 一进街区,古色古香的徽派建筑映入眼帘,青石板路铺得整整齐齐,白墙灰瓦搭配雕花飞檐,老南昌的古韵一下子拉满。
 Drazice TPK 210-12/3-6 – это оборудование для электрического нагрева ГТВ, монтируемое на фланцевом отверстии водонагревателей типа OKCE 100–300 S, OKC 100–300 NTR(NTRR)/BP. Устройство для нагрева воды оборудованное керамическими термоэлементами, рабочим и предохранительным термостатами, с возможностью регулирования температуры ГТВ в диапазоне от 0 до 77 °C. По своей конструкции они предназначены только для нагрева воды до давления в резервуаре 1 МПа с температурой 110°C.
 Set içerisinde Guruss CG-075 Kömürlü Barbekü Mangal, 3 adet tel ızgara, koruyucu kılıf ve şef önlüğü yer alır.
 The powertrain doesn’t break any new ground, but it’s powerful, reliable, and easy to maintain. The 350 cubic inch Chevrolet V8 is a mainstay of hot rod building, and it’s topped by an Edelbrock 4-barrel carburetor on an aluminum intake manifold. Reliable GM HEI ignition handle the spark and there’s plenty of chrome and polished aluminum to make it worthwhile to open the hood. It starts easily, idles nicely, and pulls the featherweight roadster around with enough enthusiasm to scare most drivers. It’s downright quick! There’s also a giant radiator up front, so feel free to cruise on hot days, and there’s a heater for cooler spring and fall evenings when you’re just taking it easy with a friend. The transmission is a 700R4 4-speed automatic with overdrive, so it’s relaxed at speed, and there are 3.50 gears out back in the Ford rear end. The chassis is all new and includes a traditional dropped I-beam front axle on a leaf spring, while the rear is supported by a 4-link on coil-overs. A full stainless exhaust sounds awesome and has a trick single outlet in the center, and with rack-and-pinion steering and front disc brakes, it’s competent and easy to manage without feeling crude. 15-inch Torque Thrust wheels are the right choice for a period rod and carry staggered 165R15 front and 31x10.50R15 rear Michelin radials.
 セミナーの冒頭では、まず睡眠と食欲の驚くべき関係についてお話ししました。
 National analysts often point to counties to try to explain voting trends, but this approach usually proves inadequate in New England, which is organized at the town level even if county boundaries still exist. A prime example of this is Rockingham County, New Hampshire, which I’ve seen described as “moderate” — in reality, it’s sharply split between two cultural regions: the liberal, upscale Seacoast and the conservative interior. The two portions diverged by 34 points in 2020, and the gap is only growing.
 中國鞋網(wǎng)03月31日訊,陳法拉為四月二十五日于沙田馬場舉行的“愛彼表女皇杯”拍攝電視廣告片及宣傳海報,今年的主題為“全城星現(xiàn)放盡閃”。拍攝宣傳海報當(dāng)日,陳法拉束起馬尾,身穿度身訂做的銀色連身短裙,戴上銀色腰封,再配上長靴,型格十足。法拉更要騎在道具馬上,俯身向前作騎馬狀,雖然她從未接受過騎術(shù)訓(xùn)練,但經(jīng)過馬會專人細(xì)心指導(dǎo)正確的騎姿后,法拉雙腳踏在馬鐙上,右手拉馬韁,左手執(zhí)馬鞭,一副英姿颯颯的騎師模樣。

• TASK TO COMPLETE: Write the records out once more. Each line must match.

• WRITTEN ANSWER:
 一进街区,古色古香的徽派建筑映入眼帘,青石板路铺得整整齐齐,白墙灰瓦搭配雕花飞檐,老南昌的古韵一下子拉满。
 Drazice TPK 210-12/3-6 – это оборудование для электрического нагрева ГТВ, монтируемое на фланцевом отверстии водонагревателей типа OKCE 100–300 S, OKC 100–300 NTR(NTRR)/BP. Устройство для нагрева воды оборудованное керамическими термоэлементами, рабочим и предохранительным термостатами, с возможностью регулирования температуры ГТВ в диапазоне от 0 до 77 °C. По своей конструкции они предназначены только для нагрева воды до давления в резервуаре 1 МПа с температурой 110°C.
 Set içerisinde Guruss CG-075 Kömürlü Barbekü Mangal, 3 adet tel ızgara, koruyucu kılıf ve şef önlüğü yer alır.
 The powertrain doesn’t break any new ground, but it’s powerful, reliable, and easy to maintain. The 350 cubic inch Chevrolet V8 is a mainstay of hot rod building, and it’s topped by an Edelbrock 4-barrel carburetor on an aluminum intake manifold. Reliable GM HEI ignition handle the spark and there’s plenty of chrome and polished aluminum to make it worthwhile to open the hood. It starts easily, idles nicely, and pulls the featherweight roadster around with enough enthusiasm to scare most drivers. It’s downright quick! There’s also a giant radiator up front, so feel free to cruise on hot days, and there’s a heater for cooler spring and fall evenings when you’re just taking it easy with a friend. The transmission is a 700R4 4-speed automatic with overdrive, so it’s relaxed at speed, and there are 3.50 gears out back in the Ford rear end. The chassis is all new and includes a traditional dropped I-beam front axle on a leaf spring, while the rear is supported by a 4-link on coil-overs. A full stainless exhaust sounds awesome and has a trick single outlet in the center, and with rack-and-pinion steering and front disc brakes, it’s competent and easy to manage without feeling crude. 15-inch Torque Thrust wheels are the right choice for a period rod and carry staggered 165R15 front and 31x10.50R15 rear Michelin radials.
 セミナーの冒頭では、まず睡眠と食欲の驚くべき関係についてお話ししました。
 National analysts often point to counties to try to explain voting trends, but this approach usually proves inadequate in New England, which is organized at the town level even if county boundaries still exist. A prime example of this is Rockingham County, New Hampshire, which I’ve seen described as “moderate” — in reality, it’s sharply split between two cultural regions: the liberal, upscale Seacoast and the conservative interior. The two portions diverged by 34 points in 2020, and the gap is only growing.
 中國鞋網(wǎng)03月31日訊,陳法拉為四月二十五日于沙田馬場舉行的“愛彼表女皇杯”拍攝電視廣告片及宣傳海報,今年的主題為“全城星現(xiàn)放盡閃”。拍攝宣傳海報當(dāng)日,陳法拉束起馬尾,身穿度身訂做的銀色連身短裙,戴上銀色腰封,再配上長靴,型格十足。法拉更要騎在道具馬上,俯身向前作騎馬狀,雖然她從未接受過騎術(shù)訓(xùn)練,但經(jīng)過馬會專人細(xì)心指導(dǎo)正確的騎姿后,法拉雙腳踏在馬鐙上,右手拉馬韁,左手執(zhí)馬鞭,一副英姿颯颯的騎師模樣。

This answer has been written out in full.